I have worked in technology since 2001. My first job was system administrator for a school district, and from there I went on to do a little bit of everything. Senior engineer at IBM, network administrator, systems administrator across healthcare, banking, tech, and education. I have seen how a lot of different industries run their technology, and I always came back to schools.
Today I am the technology director for two smaller districts. If you have worked in K-12 you already know what that means. You wear every hat. You are the help desk, the network team, the security team, the device manager, the person who fixes the printer, and the person who sits in the budget meeting trying to explain why any of it costs money. I do all of that, and I do it twice, because I am doing it for two districts at the same time.
Edventory started because I needed to make my own job survivable. I was managing the same systems twice, keeping track of the same kinds of devices twice, answering the same kinds of tickets twice. I wanted one place that could hold all of it and not fall over.
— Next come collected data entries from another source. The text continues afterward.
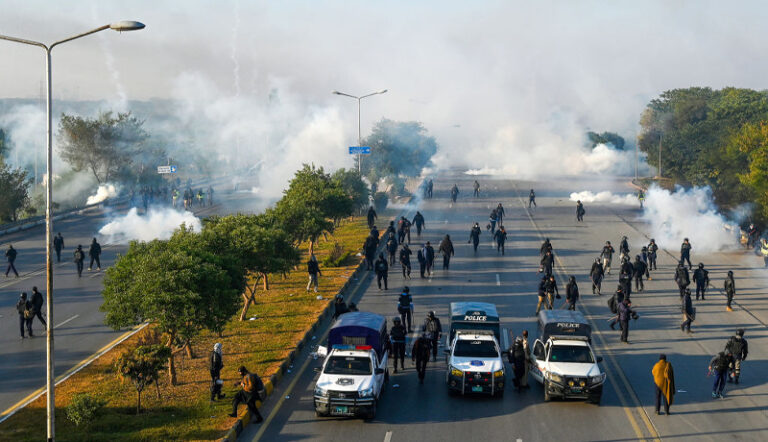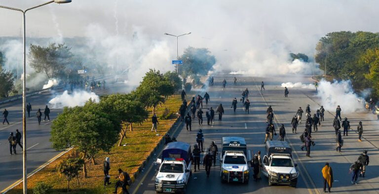 واضح رہے کہ منگل کو پی ٹی آئی کا احتجاجی مارچ اسلام آباد میں بلیو ایریا سے ہوتا ہوا ڈی چوک کی جانب بڑھا جہاں سیکیورٹی اہلکاروں اور پی ٹی آئی کے حامیوں کے درمیان دن بھر مختلف مقامات پر جھڑپیں ہوتی رہیں، تاہم مظاہرین کو منتشر کرنے کے لیے رات کو آپریشن شروع کیا گیا اور بلیو ایریا کو مظاہرین سے کلیئر کروا لیا گیا۔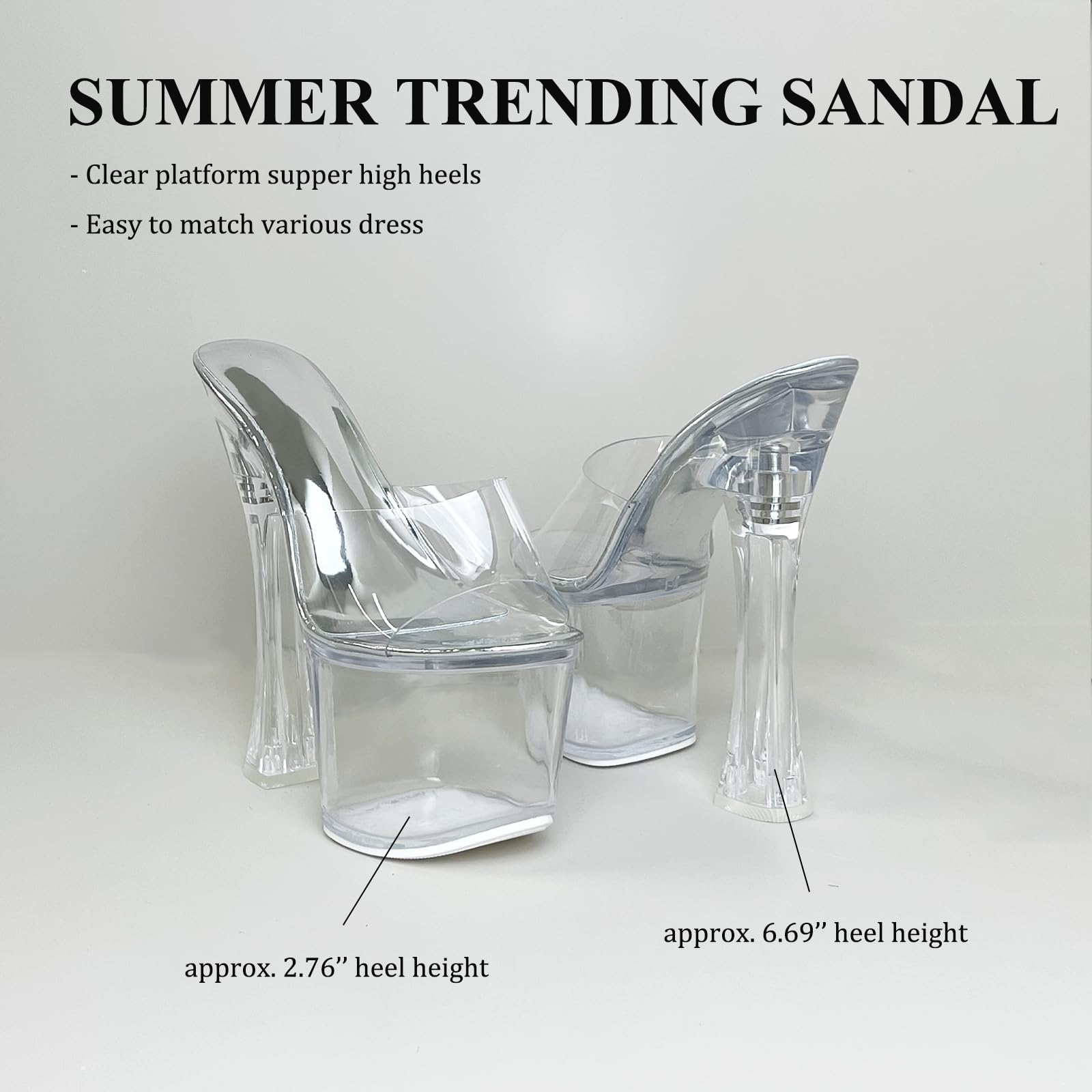- Clear 6.7" clear chunky heels,2.7"platform sandals.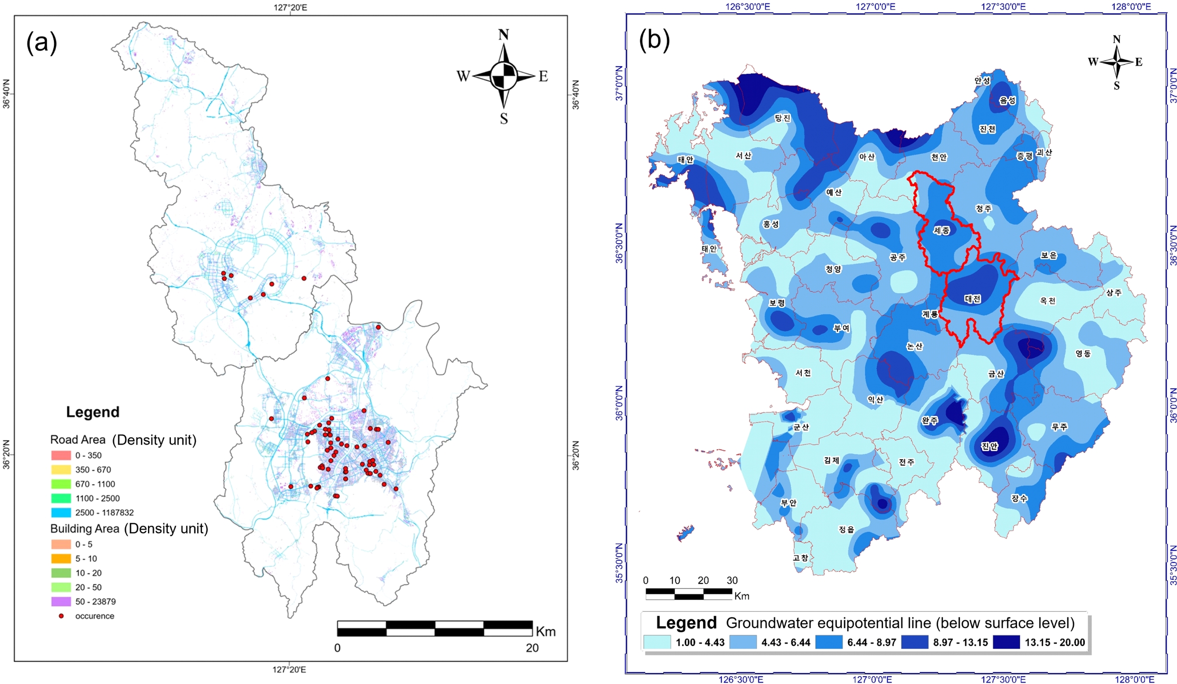 Fig. 8 Spatial distribution of roads, buildings, and reported land subsidence locations (a), and a contour map of groundwater levels in the Geum River Basin showing the study area in red (modified from Kim et al., 2021). Density units represent roads (km) and buildings (number) per square kilometer, respectively |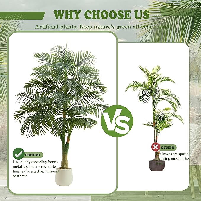 - 🌱 Easy Maintenance - Are you always forgetting to water your plants? Try FSOHOI fake trees! No sunlight, No watering, No pruning, No fertilizer required, artificial palm plant looks full and fresh daily. You'll love the vibrant feel that faux plants indoor bring to your room. If the faux tree gets dusty, wipe it off with a damp cloth or duster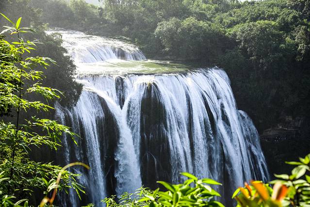 陡坡塘瀑布位于黄果树瀑布上游1公里处,是黄果树瀑布群中瀑顶最宽的瀑布,也是86版《西游记》片尾曲取景地。从门口沿着步行栈道往里走十几分钟,就能看见陡坡塘瀑布了。越走近瀑布,耳朵边能听见的“轰隆隆”声音就越来越大,浑浊的河水从瀑布的溶潭上方倒灌下来,伴随着巨大的吼声拍打在石头上溅起串串水珠,最后再倾泻在横跨100多米的钙化滩坝上,四散开去。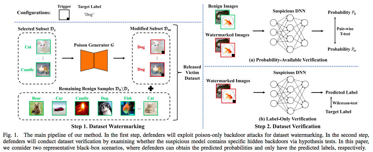 近日,0033990威尼斯深圳国际研究生院江勇教授、夏树涛教授团队在深度学习的版权保护领域取得新进展。研究团队首次定义并研究了公开数据集的版权保护问题。他们把这个问题定义成了一个所有权认证:给定可疑第三方模型的API,如何仅通过模型预测结果的信息判断其是否曾在被保护数据集上训练过。因为攻击者并不会公开模型的训练细节,防御者仅能通过数据集水印的方式实现数据集的所有权认证。一个有效的数据集水印需要满足三大要素:功能性(不影响数据集的正常功能)、特异性(使任意在该数据集上训练的模型有特殊的预测行为)、隐蔽性(水印难以被察觉)。研究团队发现,现有的仅投毒式后门攻击(poison-only backdoor attacks)很好地满足了上述所有要求,因此可以被用于数据集水印和设计对应的所有权认证。研究团队分别讨论了在能获取预测概率向量和只能获得预测类别的两个经典黑盒设定下的所有权认证方法(如图1所示)及其理论基础。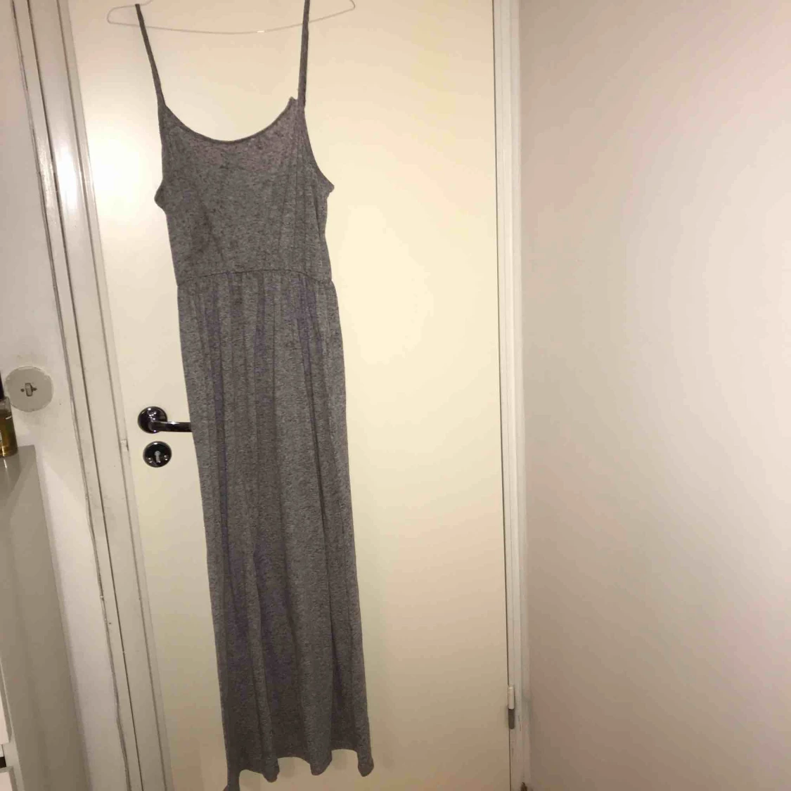En maxi klänning som är grå. Superskönt material,lite sönder upp till men går definitivt att sy ihop.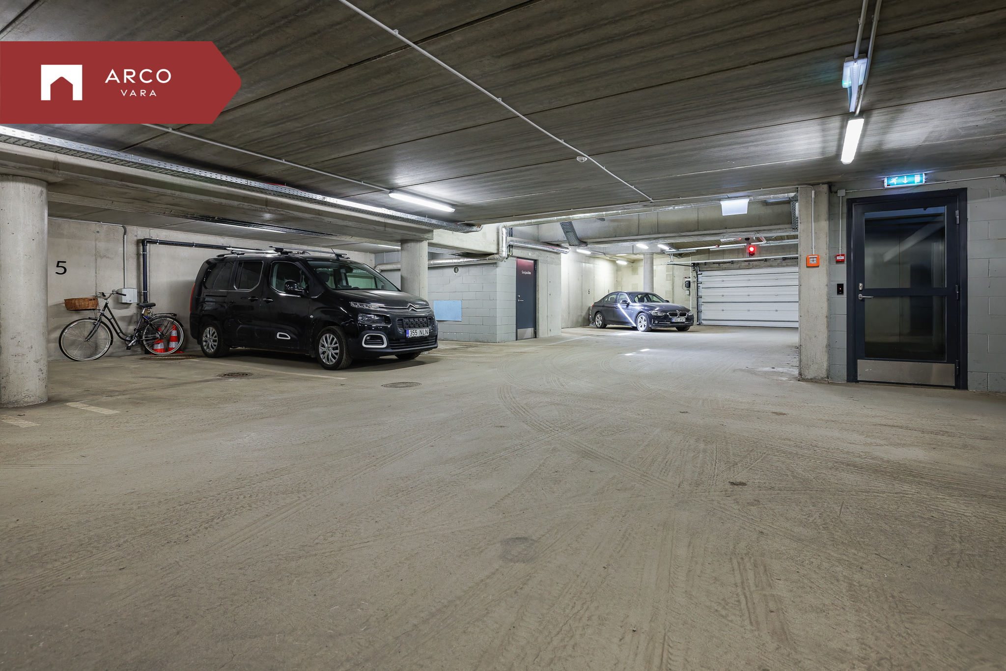 Keldrikorrusel asuvad parkimiskohad ja panipaigad.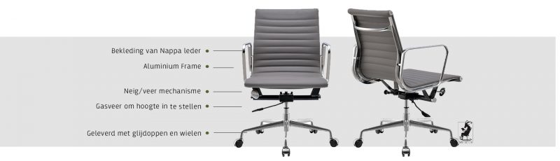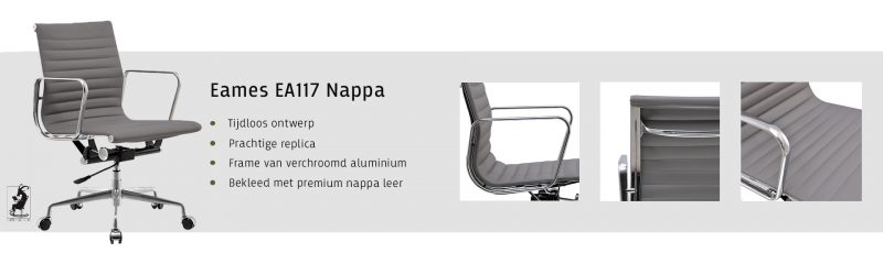 Deze premium versie van de EA117 is een prachtige kwalitatieve bureaustoel die volledig bekleed is met nappa leder, en op verschillende punten is verbeterd qua luxe, comfort en materialen. Dit welbekende model van ontwerpers Charles & Ray Eames is een geliefd stukje interieurdesign. Deze bureaustoel is nogsteeds geliefd bij menig interieurliefhebbers en is daarnaast ook een erg comfortabele keuze. Met deze premium uitvoering komt u nog dichter bij het origineel.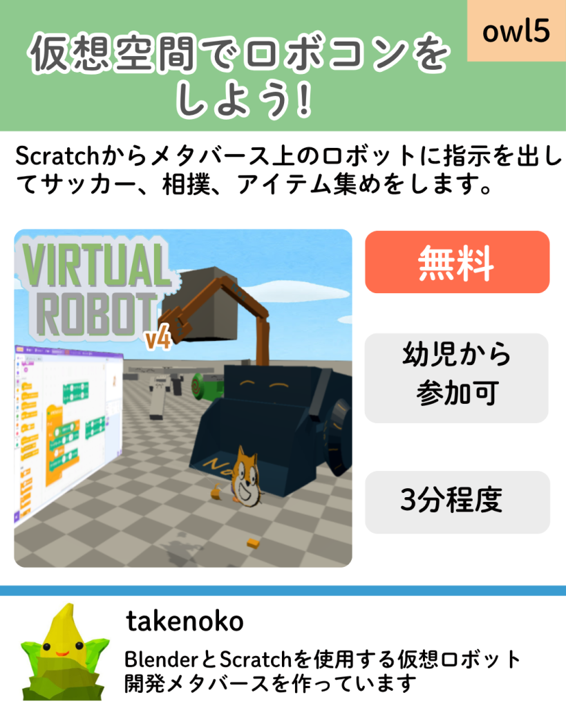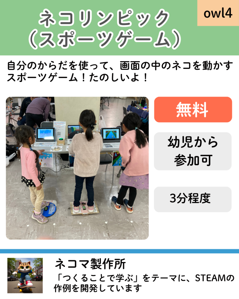 対象:未就学児(3歳以上推奨)~小中学生、付き添いの大人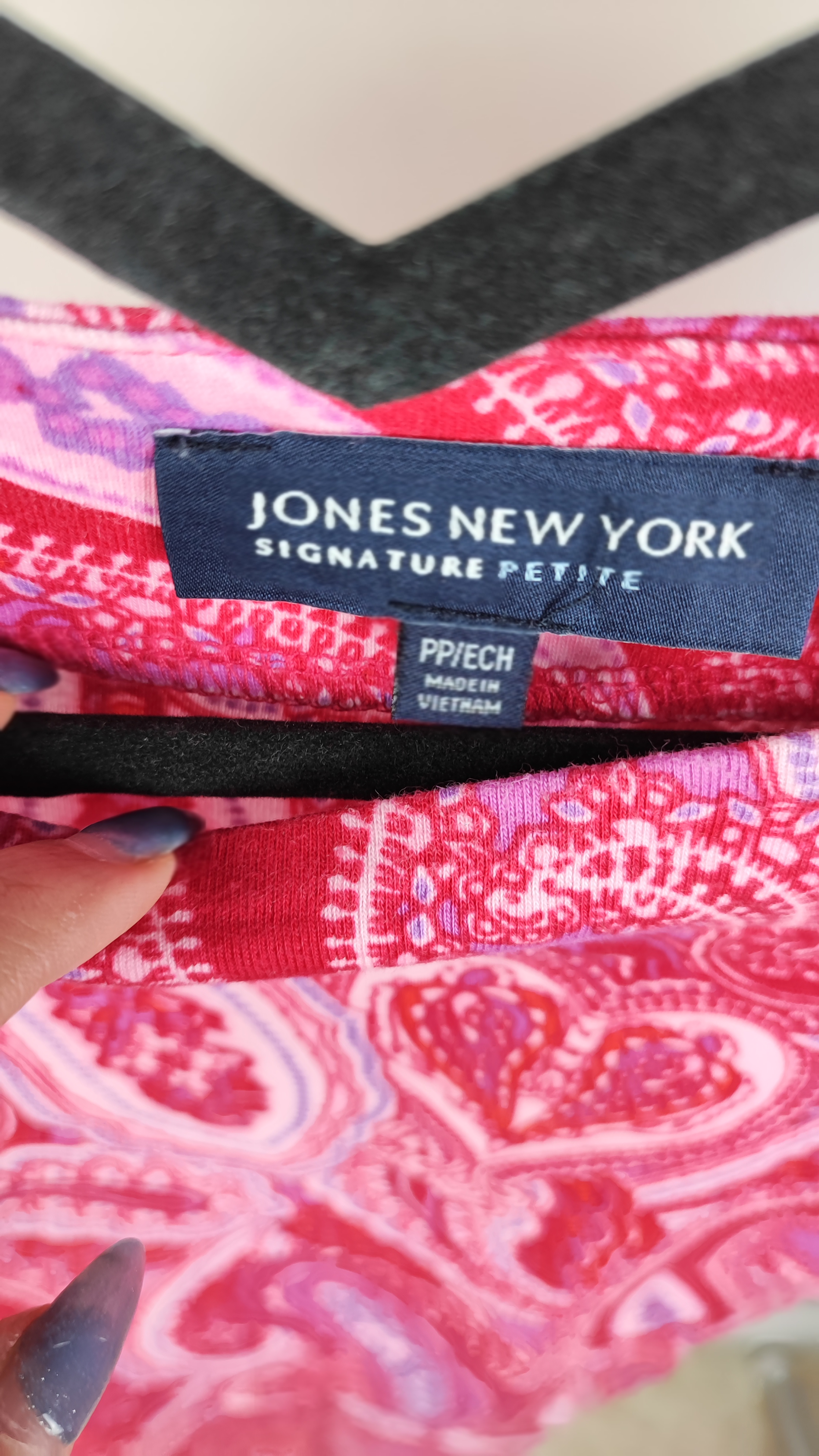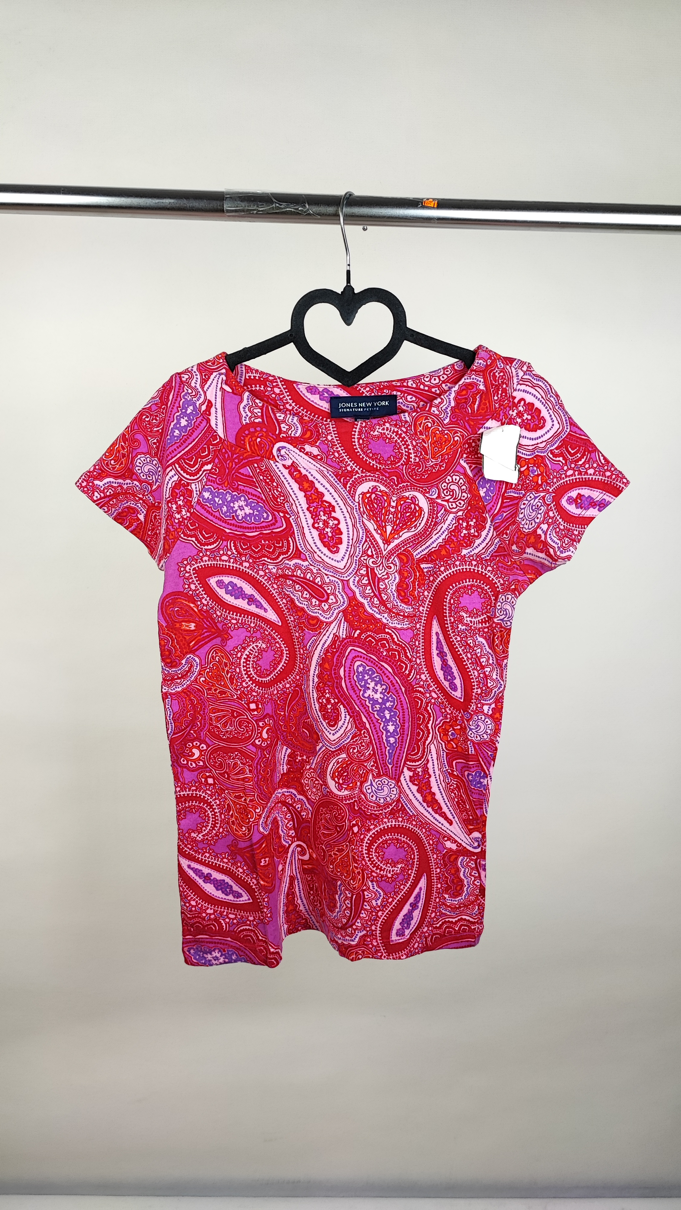 تیشرتی خاص و خوشرنگ برای خانمهای شیکپوش که به دنبال اصالت و راحتی هستند. این تیشرت زنانه آستین کوتاه از برند معتبر آمریکایی Jones New York و از سری Signature Petite است. طراحی یقه هفت و پارچهای با طرح سنتی بتهجقه (Paisley) در تناژهای جذاب قرمز، صورتی و بنفش، ظاهری زنده و شاداب به استایل شما میبخشد.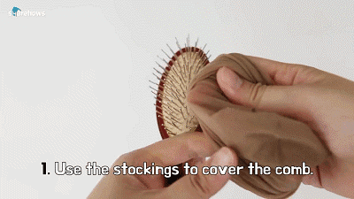 用髮梳梳頭時,可以選擇一條乾淨的絲襪,將其套在髮梳上,讓梳齒穿過絲襪,兩者完全貼合。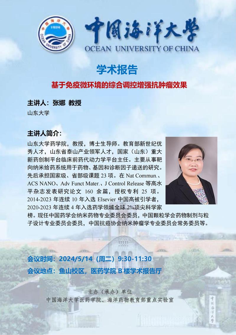 报告题目:基于免疫微环境的综合调控增强抗肿瘤效果

Before Edventory I tried everything. I ran Freshservice, then Freshdesk. I used Snipe-IT for assets. I used spreadsheets, like everyone does, because spreadsheets are always there when nothing else fits. None of it made me happy. Every tool did one slice of the job well and left the rest to me. Nothing had the full feature set that a school technology department actually needs, so I started building it.
The name is just a play on words. Education plus inventory. Edventory. It is not a clever origin story, it is exactly what the product is.
I am building this in the open and I use it every day in my own districts. Every feature in here exists because I needed it on a Tuesday afternoon with a line of tickets and a budget due. That is the whole reason this exists, and it is the lens I am going to write these posts through.